Spatial
- Industry: Social gaming, virtual reality, augmented reality
- Founded: 2017
- Founder: Anand Agarawala (CEO); Jinha Lee (CPO);
- Headquarters: New York
- Key people: Jacob Loewenstein Charles Ju
- Number of employees: 51–200
- Website: spatial.io

= Spatial (platform) =

Social gaming platform

Spatial is a Unity-powered UGC gaming platform that enables developers to publish and monetize multiplayer games across web, mobile, and VR. Spatial focuses on games developed using the Unity game engine and the C# programming language. The company is headquartered in New York.

== History ==
Spatial was co-founded by Anand Agarawala and Jinha Lee in 2017. The company designed its first product, the Spatial AR collaboration workspace, intended to transform how people work by turning any room into an infinitely augmentable workspace.

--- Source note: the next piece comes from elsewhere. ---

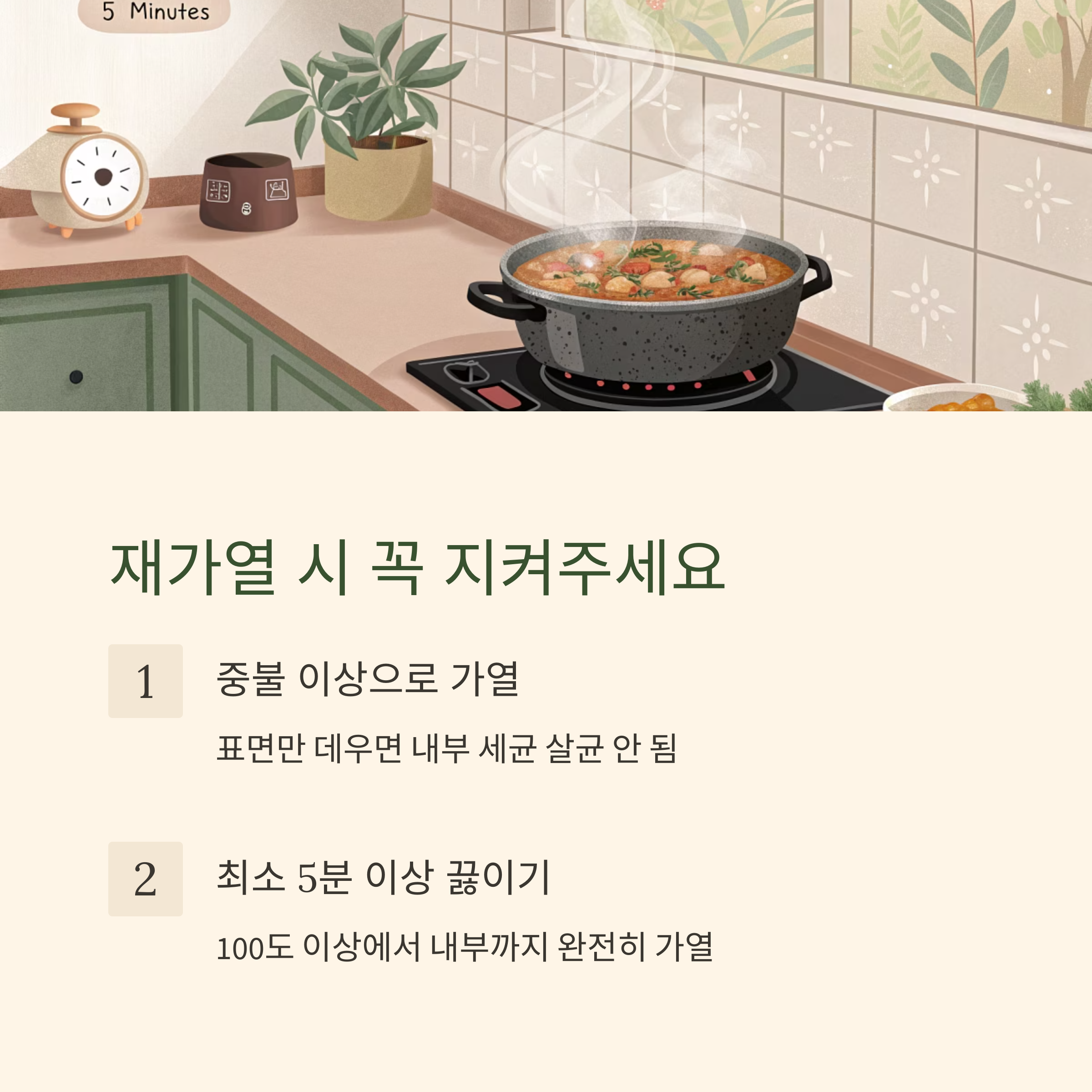 재가열할 땐 100도 이상에서 끓여야 안전합니다

In 2019, Spatial entered into a partnership with Microsoft to develop workplace software for the HoloLens AR headset. The following year, it released a collaboration and hangout app that ran on Meta's Quest 2 VR headset. In 2021, Spatial pivoted to building virtual showrooms for NFTs.

Spatial has collaborated with various artists, including Hermitage, NBA, !llmind, Krista Kim, Federico Clapis, and Jarlan Perez. In March 2023, Spatial partnered with OVER, Decentraland, and UNXD at the second edition for Metaverse Fashion Week.

In November 2023, Spatial announced the launch of a new season of in-house games available to play on web, mobile, and VR.

Spatial has released several browser-based games on its platform, including Punch Hero, Racing Empire, Infinite Ascent, Shooty Shooty, Mostly Only Up, Buddy Blitz, and Cyber Punk.